▶ [Task objective]:
Below are records to be copied exactly; their pictures are to be omitted.

▶ [Records from a data collection]:
----

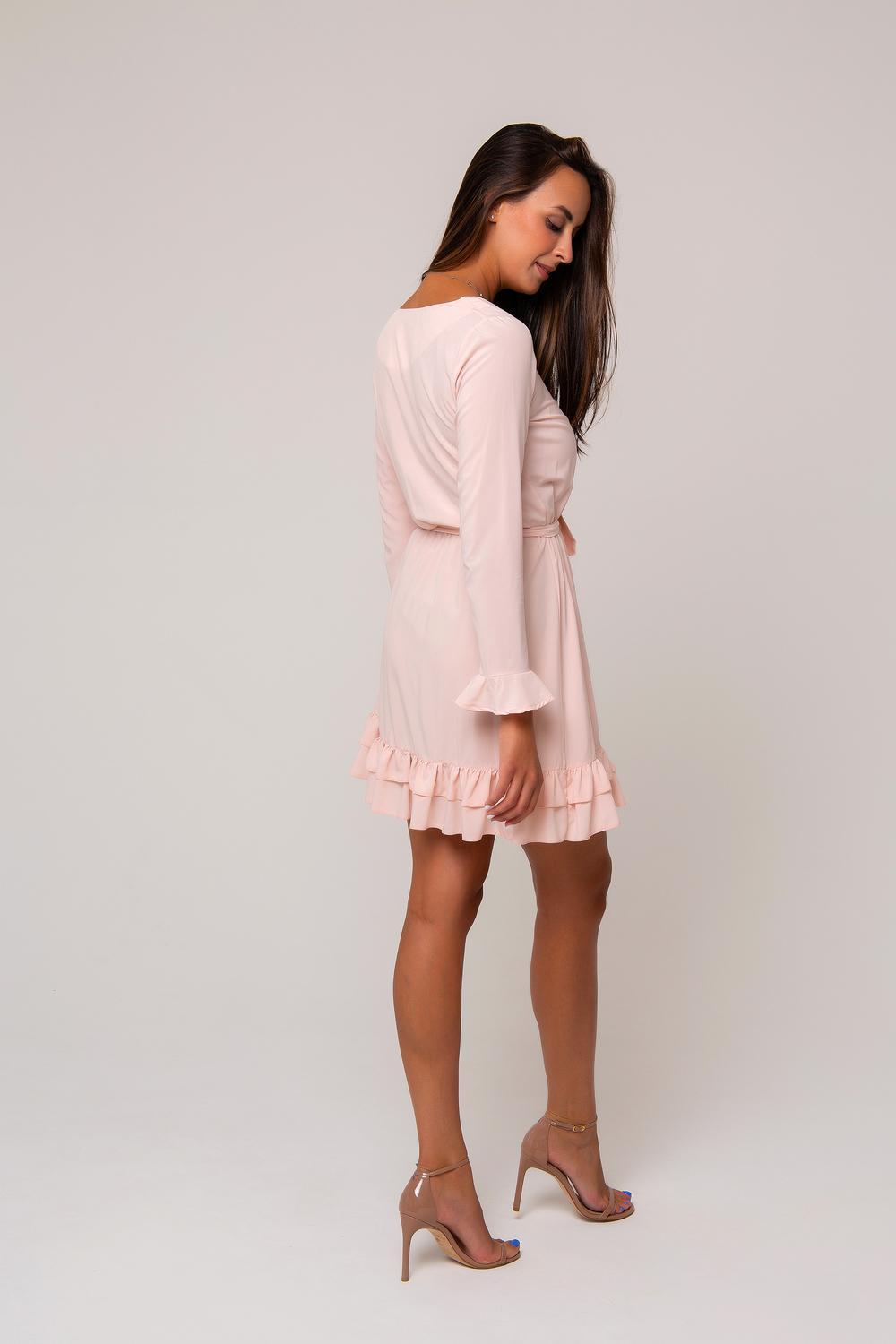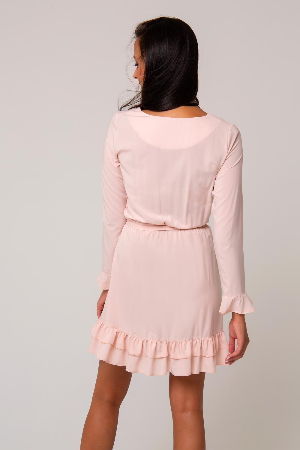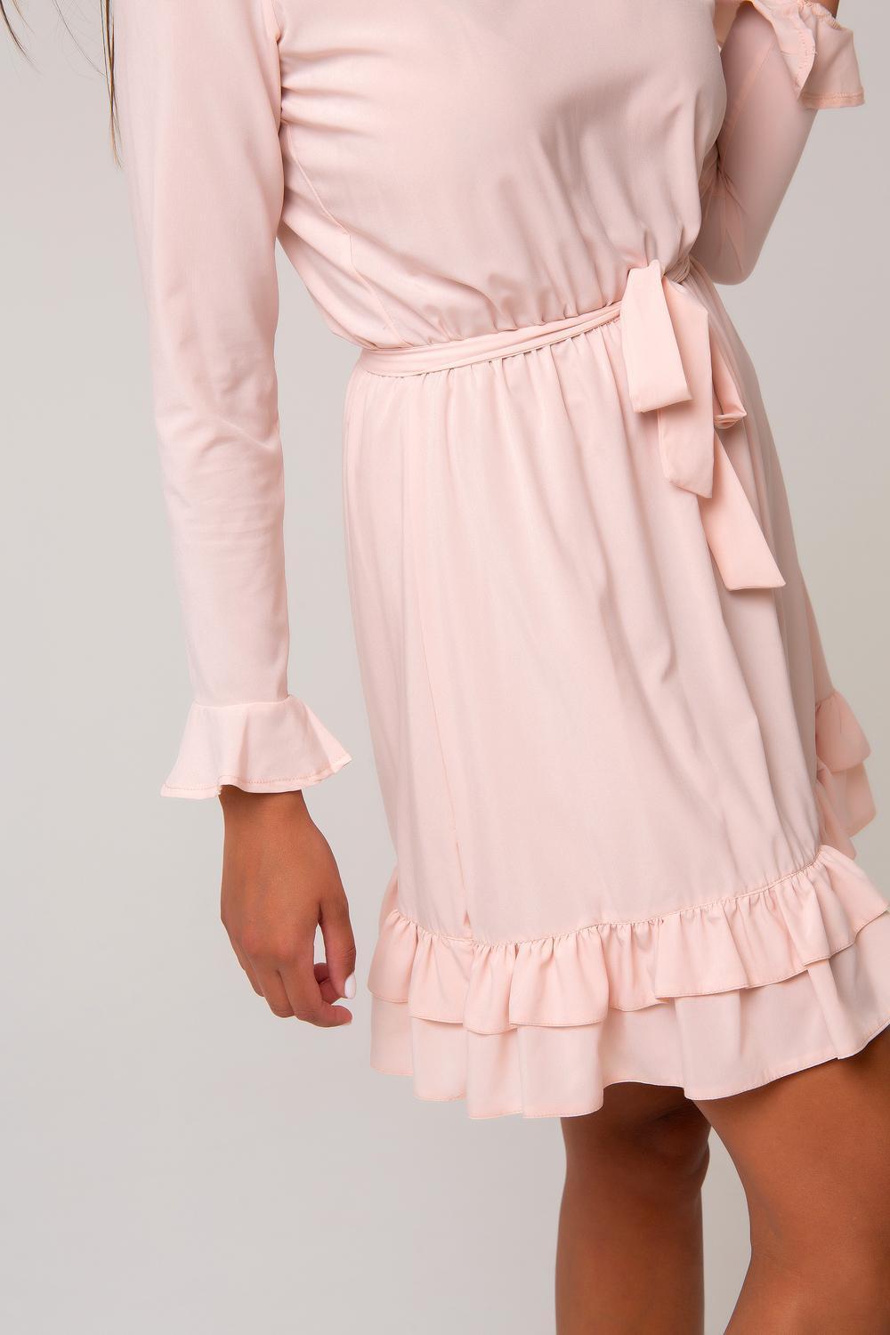 Платье А-силуэта, выполненное в нежном приятном оттенке. Рукав длинный, декорирован воланом, что придает платью женственности и романтичности. Край подола также оформлен воланами, которые еще больше привносят в образ нежности и изыска. Вырез горловины V-образный. Изделие дополнено поясом. Состав: 95% полиэстер, 5% эластан. Длина изделия см. Рост модели на фото 173 см (+ каблук).
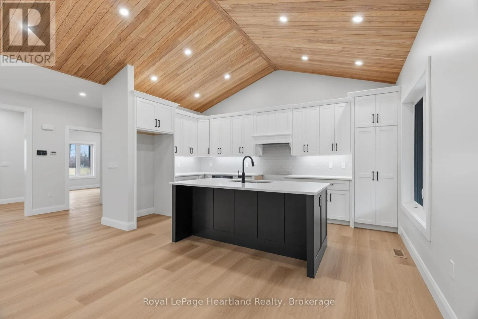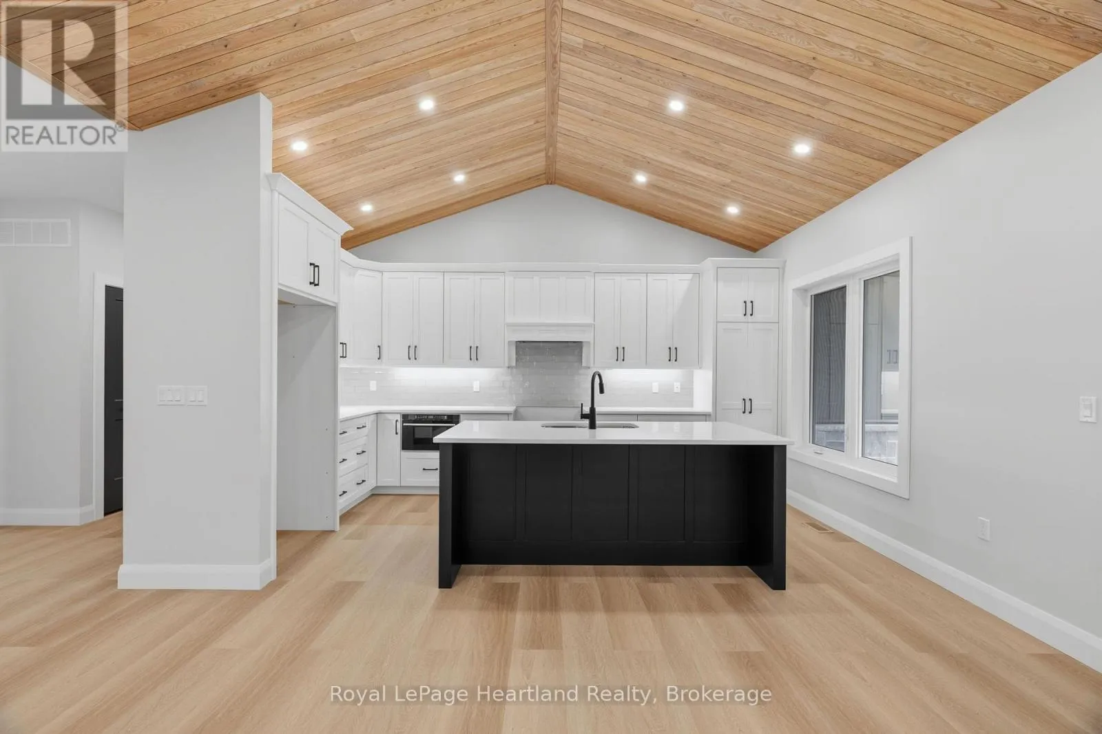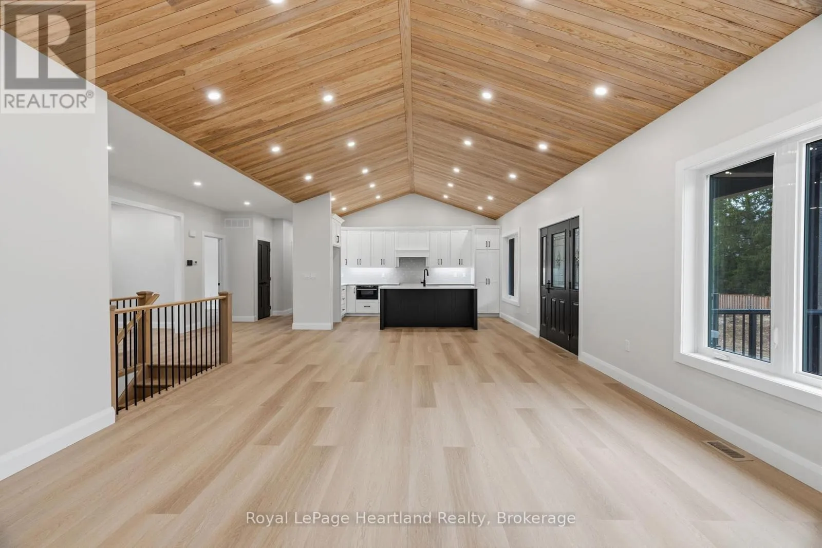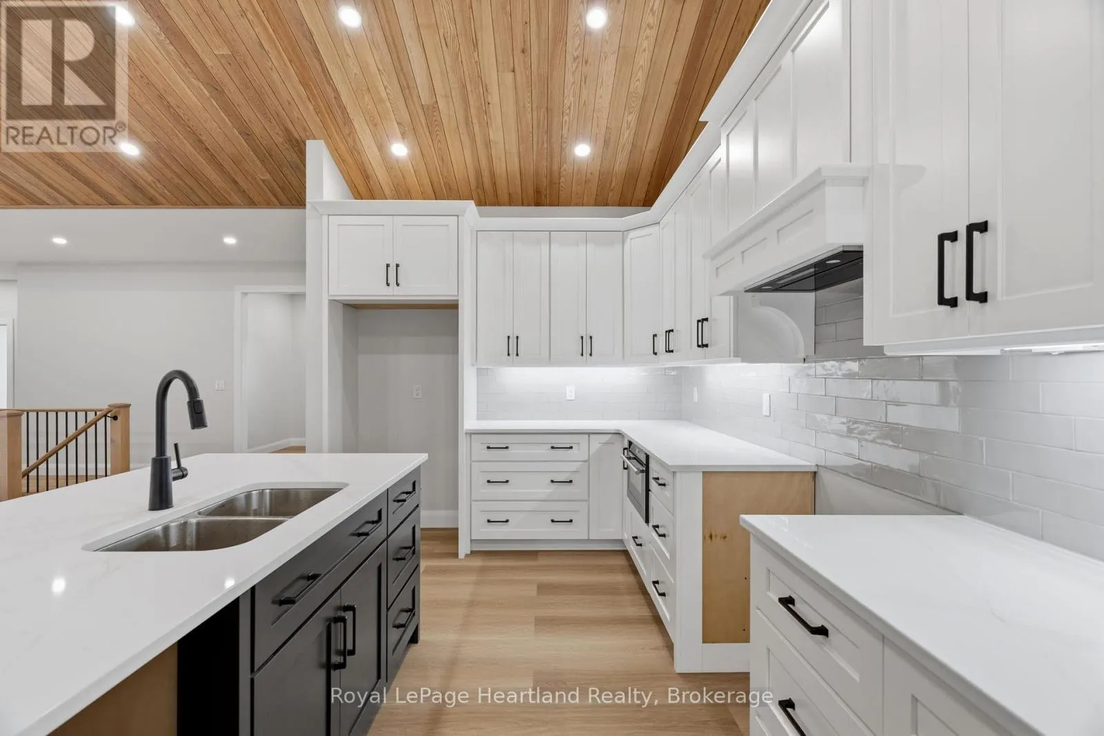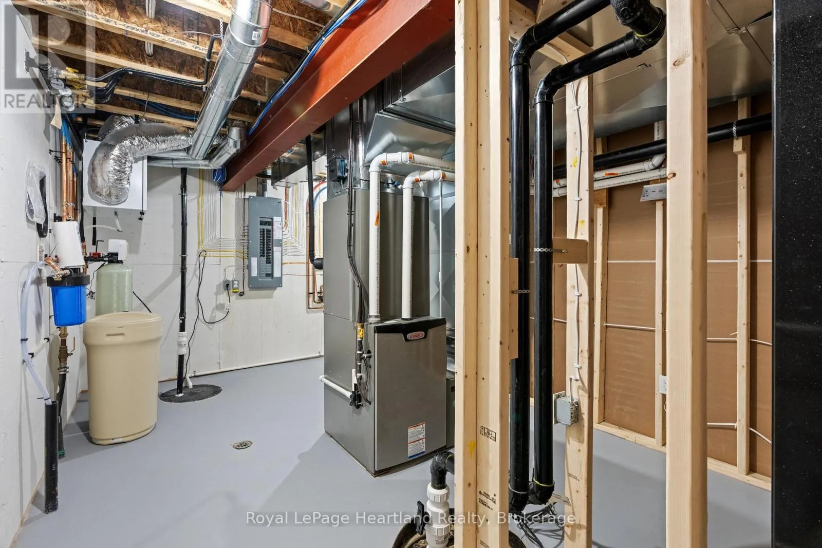 Cross Streets: West. ** Directions: Take Turnberry ST to the end of Turnberry ST property on South side. Welcome to a home where exceptional craftsmanship meets everyday comfort, set in a peaceful, established neighbourhood known for its strong sense of community. Step inside to a spacious foyer leading to a stunning main living space with soaring ash cathedral ceilings and a floor-to-ceiling stone fireplace-warm, inviting, and designed to impress. Offering over 2,500 sq ft, the open-concept kitchen and living area features a custom kitchen with large island, quartz counter tops, and seamless flow-ideal for entertaining. Walk out to the covered porch.The primary suite is privately located on its own wing, offering an oversized retreat with a massive walk-in closet and a luxurious 5-piece en suite with stand-alone tub. On the opposite end, two additional bedrooms are spacious, bright, and complete with large closets. Main floor laundry is tucked away with its own door, and a versatile flex room offers space for a home office, den, or additional living area. The lower level is well underway with a wide-open layout, drywall completed, and bathroom rough-in-ready for your finishing touches and future living space. Built with efficiency and long-term performance in mind, this home features a high-end mechanical system including in-floor heating, heat pump, furnace, on-demand hot water heater, and water softener-delivering year-round comfort and peace of mind. Complete with a triple car garage with Trusscore finish, this home is built by Joe Reinhardt Construction, known for exceptional quality, thoughtful upgrades, and A1 workmanship throughout. Set on a street where neighbours know each other by name-this is more than a home, it's a lifestyle. (id:27476)
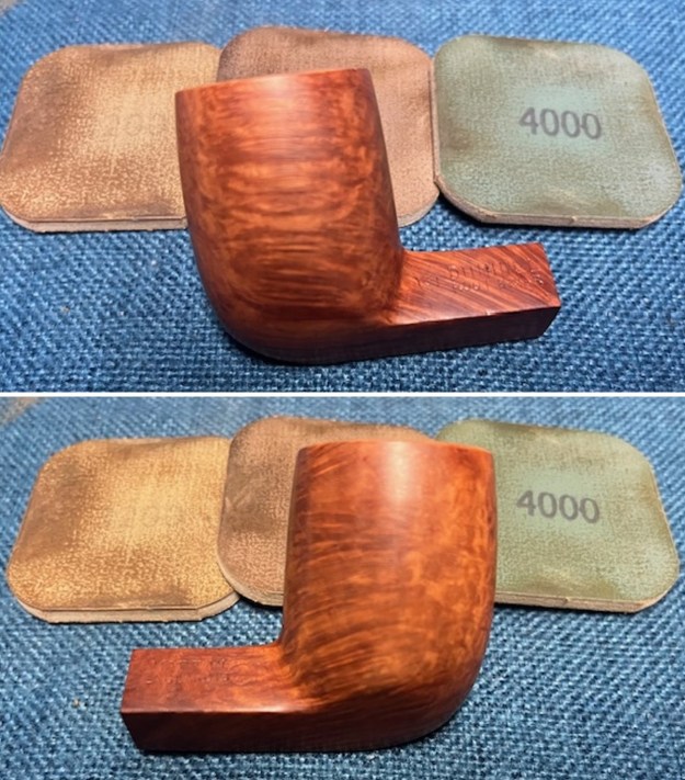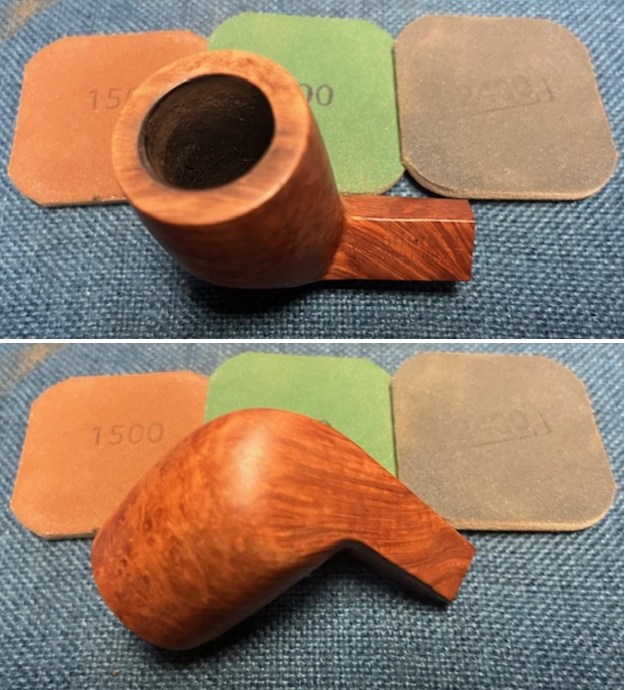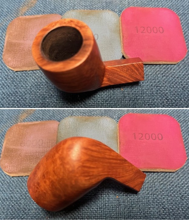 I polished the briar with 1500-12000 grit micromesh sanding pads to develop the shine. It began to look very good. It had a rich shine in the finish.
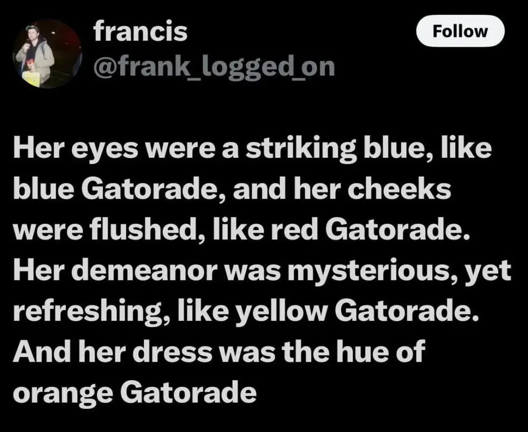 This was written by a guy who had nothing but sports for a career path that got an injury which meant they would never go pro and they had to switch majors to literature, thinking that writing is “hella easy bro”.
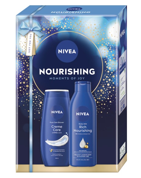 Skladem Dárková kazeta NIVEA (sg,mle) NOURISHING PeMi kód: 733083 EAN: 9005800394152 Sprchový gel NIVEA Creme Care : jemně myje a čistí pokožku celého těla zanechává pokožku hebkou a voňavou nenarušuje mikrobiální vrstvu pokožky s vůní ikonického modrého krému NIVEA provitamíny, vitamíny C a E, vzácné oleje Tělové mléko NIVEA Body Milk : dodává pokožce výživu a 247 Kč Do košíku
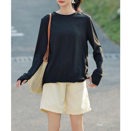 二の腕は勿論、腰まわりも隠れる丈感で体型を上手にカバー。
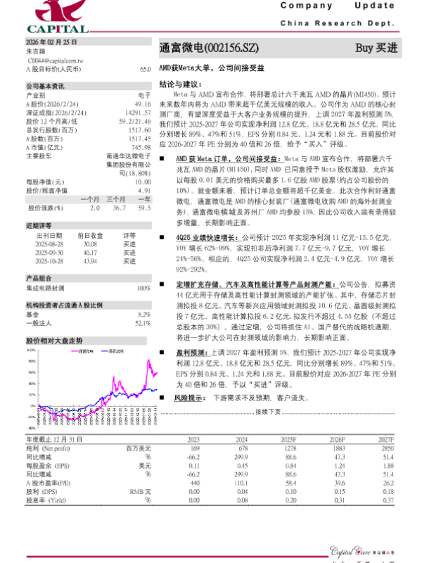 【群益证券】【202601】通富微电-002156.SZ-封测需求旺盛_公司定增扩充产能-3页 证券期货研究报告

----

▶ [Exercise answer]:
 Платье А-силуэта, выполненное в нежном приятном оттенке. Рукав длинный, декорирован воланом, что придает платью женственности и романтичности. Край подола также оформлен воланами, которые еще больше привносят в образ нежности и изыска. Вырез горловины V-образный. Изделие дополнено поясом. Состав: 95% полиэстер, 5% эластан. Длина изделия см. Рост модели на фото 173 см (+ каблук).
 Cross Streets: West. ** Directions: Take Turnberry ST to the end of Turnberry ST property on South side. Welcome to a home where exceptional craftsmanship meets everyday comfort, set in a peaceful, established neighbourhood known for its strong sense of community. Step inside to a spacious foyer leading to a stunning main living space with soaring ash cathedral ceilings and a floor-to-ceiling stone fireplace-warm, inviting, and designed to impress. Offering over 2,500 sq ft, the open-concept kitchen and living area features a custom kitchen with large island, quartz counter tops, and seamless flow-ideal for entertaining. Walk out to the covered porch.The primary suite is privately located on its own wing, offering an oversized retreat with a massive walk-in closet and a luxurious 5-piece en suite with stand-alone tub. On the opposite end, two additional bedrooms are spacious, bright, and complete with large closets. Main floor laundry is tucked away with its own door, and a versatile flex room offers space for a home office, den, or additional living area. The lower level is well underway with a wide-open layout, drywall completed, and bathroom rough-in-ready for your finishing touches and future living space. Built with efficiency and long-term performance in mind, this home features a high-end mechanical system including in-floor heating, heat pump, furnace, on-demand hot water heater, and water softener-delivering year-round comfort and peace of mind. Complete with a triple car garage with Trusscore finish, this home is built by Joe Reinhardt Construction, known for exceptional quality, thoughtful upgrades, and A1 workmanship throughout. Set on a street where neighbours know each other by name-this is more than a home, it's a lifestyle. (id:27476)
 I polished the briar with 1500-12000 grit micromesh sanding pads to develop the shine. It began to look very good. It had a rich shine in the finish.
 This was written by a guy who had nothing but sports for a career path that got an injury which meant they would never go pro and they had to switch majors to literature, thinking that writing is “hella easy bro”.
 Skladem Dárková kazeta NIVEA (sg,mle) NOURISHING PeMi kód: 733083 EAN: 9005800394152 Sprchový gel NIVEA Creme Care : jemně myje a čistí pokožku celého těla zanechává pokožku hebkou a voňavou nenarušuje mikrobiální vrstvu pokožky s vůní ikonického modrého krému NIVEA provitamíny, vitamíny C a E, vzácné oleje Tělové mléko NIVEA Body Milk : dodává pokožce výživu a 247 Kč Do košíku
 二の腕は勿論、腰まわりも隠れる丈感で体型を上手にカバー。
 【群益证券】【202601】通富微电-002156.SZ-封测需求旺盛_公司定增扩充产能-3页 证券期货研究报告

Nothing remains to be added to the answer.